The Killing Dance - Laurell K. Hamilton [161]
“Dominic, Sabin, and I are a triumvirate. We are what you and Richard and Jean-Claude could have been.”
I didn’t like her using the past tense. “You’re the woman he gave up fresh blood for?”
“I believe in the sanctity of life. I thought I valued that above all. Watching Sabin’s golden beauty rot away has convinced me otherwise. I will do anything, anything to help him recover.” Something like pain crossed her eyes and she looked away. When she looked back, her face was forcibly blank, the effort trembling down her hands. She noticed and hugged her hands to her arms. She smiled, but it wasn’t a happy smile. “I have to make it up to him, Anita. I am sorry that you and yours have become entangled in our problems.”

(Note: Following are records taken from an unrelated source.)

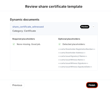5. Review the share certificate template details and click Finish.
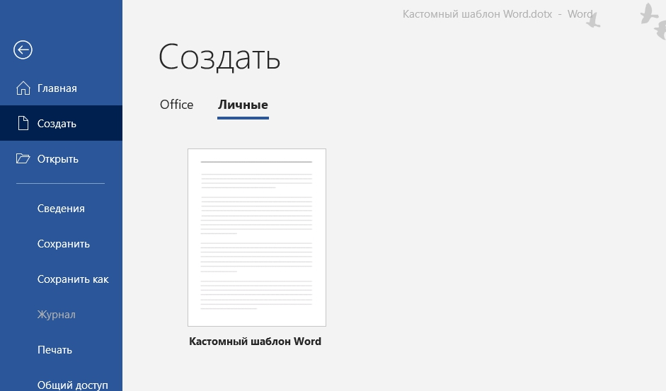 Чтобы создать новый документ Word на основе ранее сохраненного, персонального шаблона:
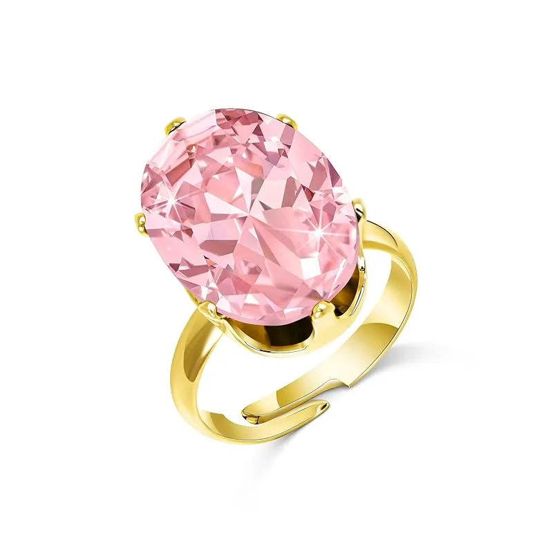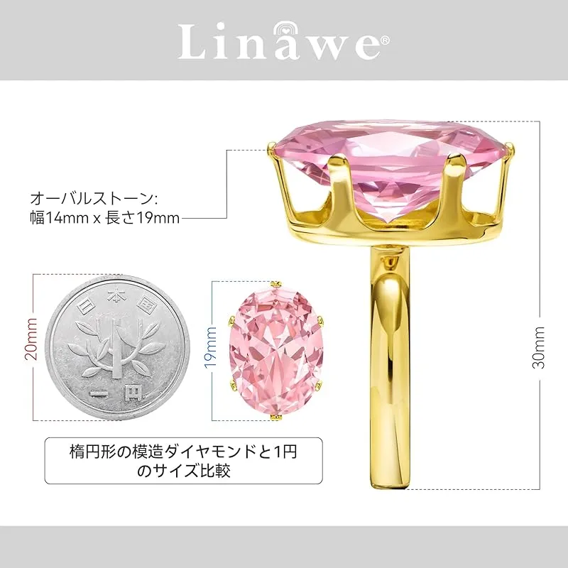 [Linawe] ピンク 指輪 フリーサイズ、18金 リング レディース、モアッサナイト 人工ダイヤモンド ジルコニア 6月 10月 誕生石 指環、ゆびわ ゴールド アクセサリー ジュエリー 0
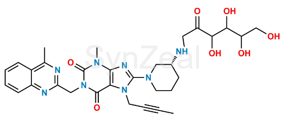Linagliptin Impurity-VII is chemically 7-(but-2-yn-1-yl)-3-methyl-1-((4-methylquinazolin-2-yl)methyl)-8-((3R)-3-((3,4,5,6-tetrahydroxy-2-oxohexyl)amino)piperidin-1-yl)-3,7-dihydro-1H-purine-2,6-dione. Linagliptin Impurity-VII is supplied with detailed characterization data compliant with regulatory guideline. Linagliptin Impurity-VII can be used for the analytical method development, method validation (AMV), Quality Controlled (QC) application for Abbreviated New Drug Application (ANDA) or during commercial production of Linagliptin.
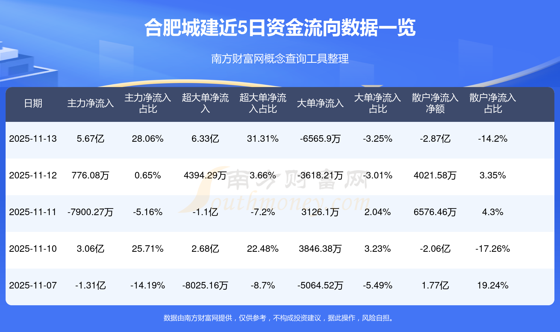11月13日消息,合肥城建11月13日主力資金凈流入5.67億元,超大單資金凈流入6.33億元,大單資金凈流出6565.9萬元,散戶資金凈流出2.87億元。
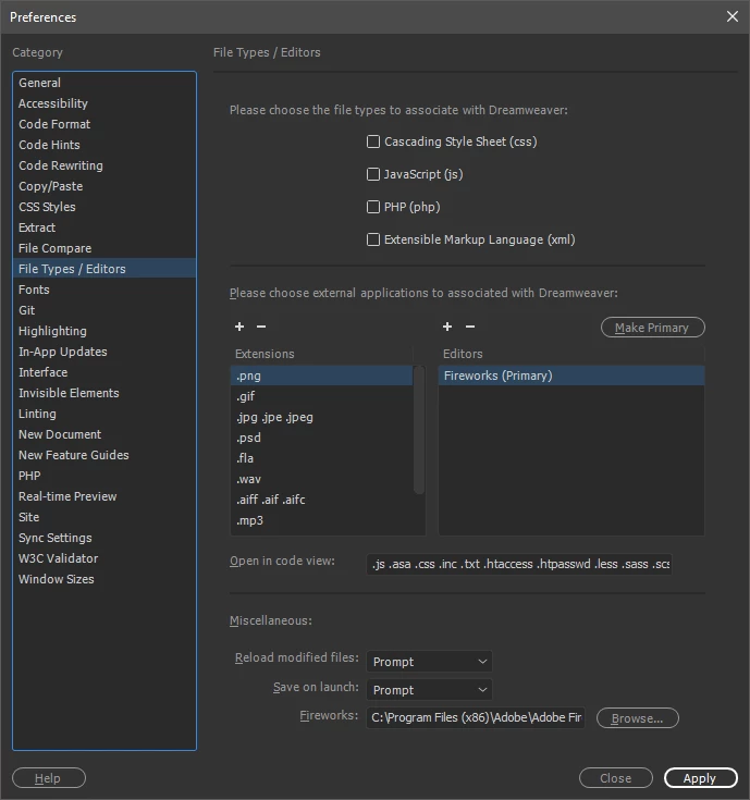 In Dreamweaver in the CC Libraries panel, when I right click > edit on an image Photoshop is launched by default. I want to change the default to Adobe Fireworks.
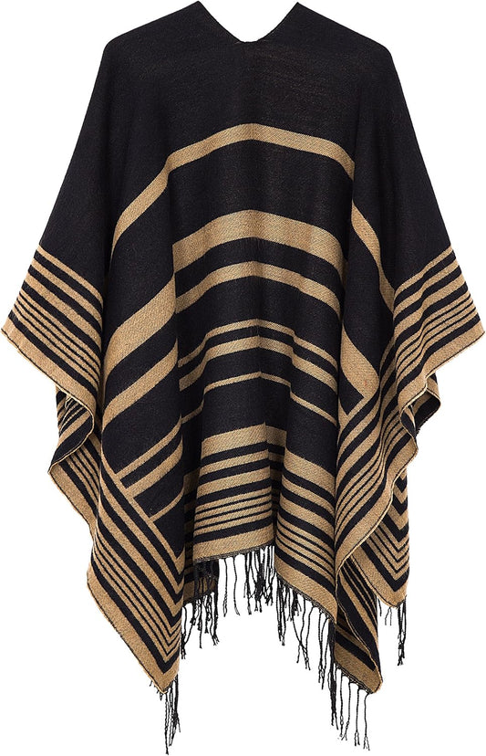 Women'S Printed Tassel Open Front Poncho Cape Cardigan Wrap Shawl
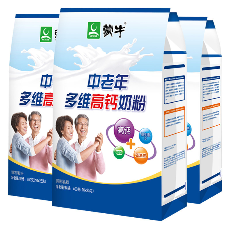 Mengniu middle-aged multi-dimensional high calcium milk powder 400g * 3 male women nutrition breakfast elderly formula milk powder bag
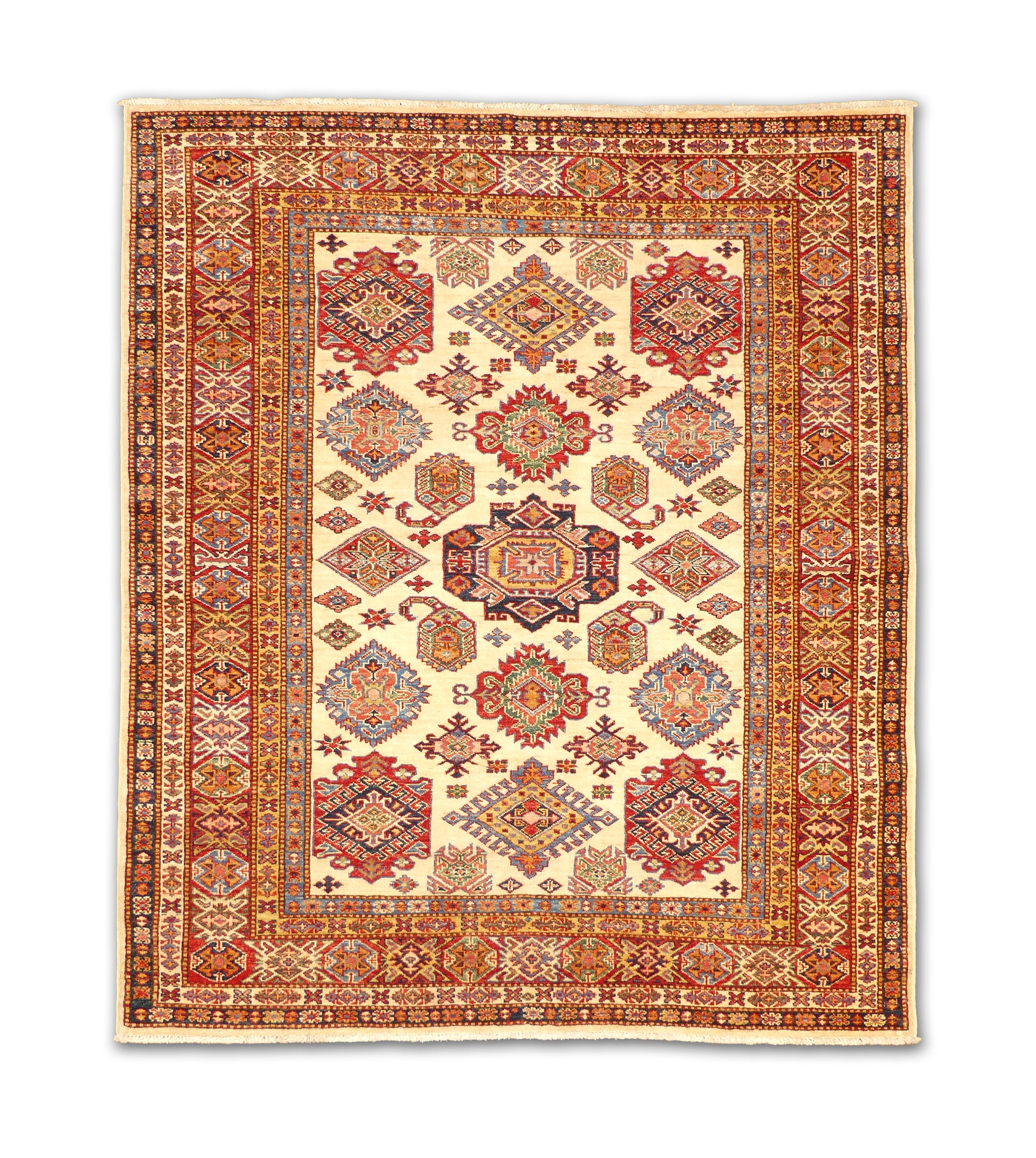 This handwoven Caucasian rug features a warm ivory field adorned with a striking arrangement of geometric medallions, diamonds, and rosettes in rich hues of red, navy, teal, and gold. The intricate all-over design conveys movement and depth, while the bold multi-layered border enhances its framing presence. With its bright ground and vivid accents, this rug strikes a balance between elegance and vibrancy, making it a versatile choice for both traditional and eclectic interiors. Crafted from fine wool, it ensures durability and timeless charm.
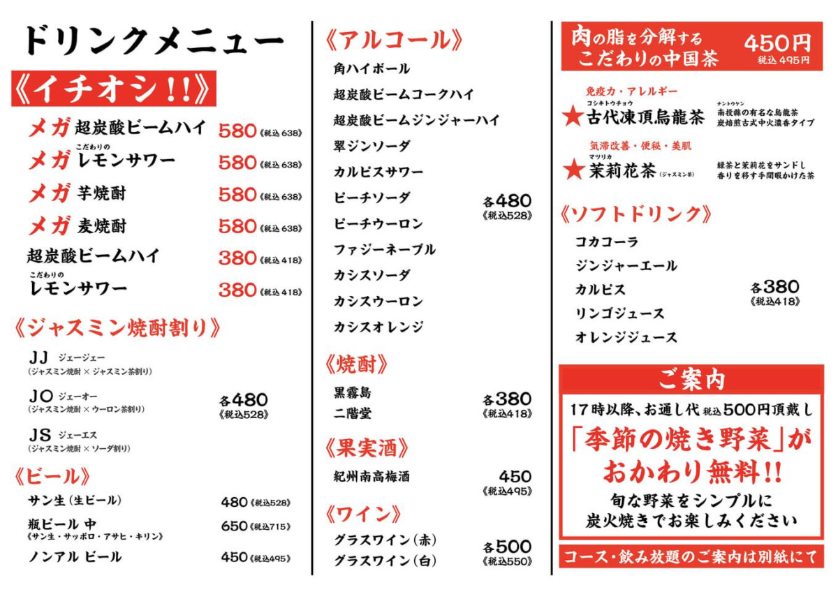 午後3時〜午後5時限定で、ハッピーホルモンセットもあります。生ビールやメガサイズを含むドリンク3杯と、もつ煮込み・ミックスホルモン・焼き野菜がついています。
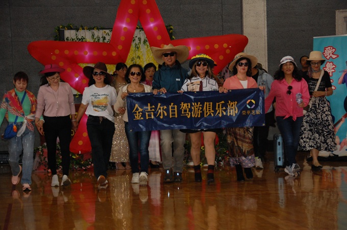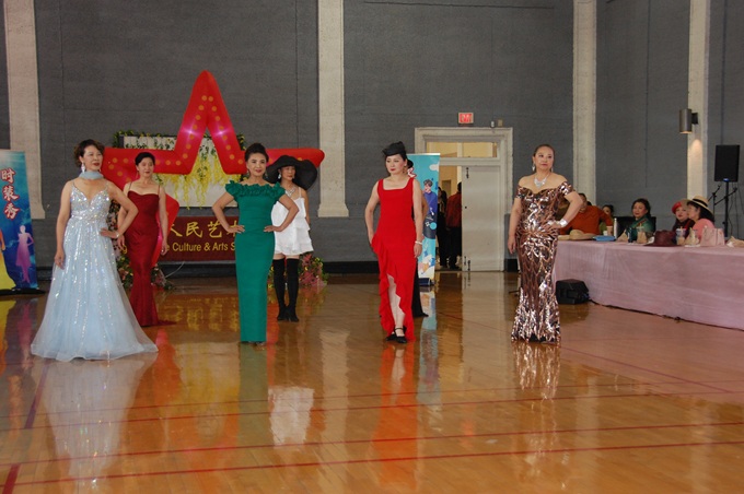 在走秀1,休闲民族风部分,在表演精彩歌舞节目的同时,还有金吉尔自驾游芝加哥分会的旅游时装秀、芝城乒乓球爱好者团队的体育时装秀。

“How am I caught up in it?”
Raina slid her arm over my stomach, putting her face very near mine. “Dominic has a spell to cure Sabin of the rotting disease. A transfer of magical essence, you might say. All he needed was exactly the right donor.” She leaned in so close that only my turning my head kept our lips from touching. She whispered against my skin, breath warm, “A perfect donor. A vampire who shares Sabin’s powers exactly, a perfect match, and a servant, either alpha werewolf, or necromancer, bound to that same vampire.”
I turned and looked at her. I couldn’t help it. She kissed me, pressing her mouth against mine, trying to force her tongue inside. I bit her lip hard enough that I tasted blood.
She jerked back with a startled scream. She put her hand to her mouth and stared down at me. “That is going to cost you dearly.”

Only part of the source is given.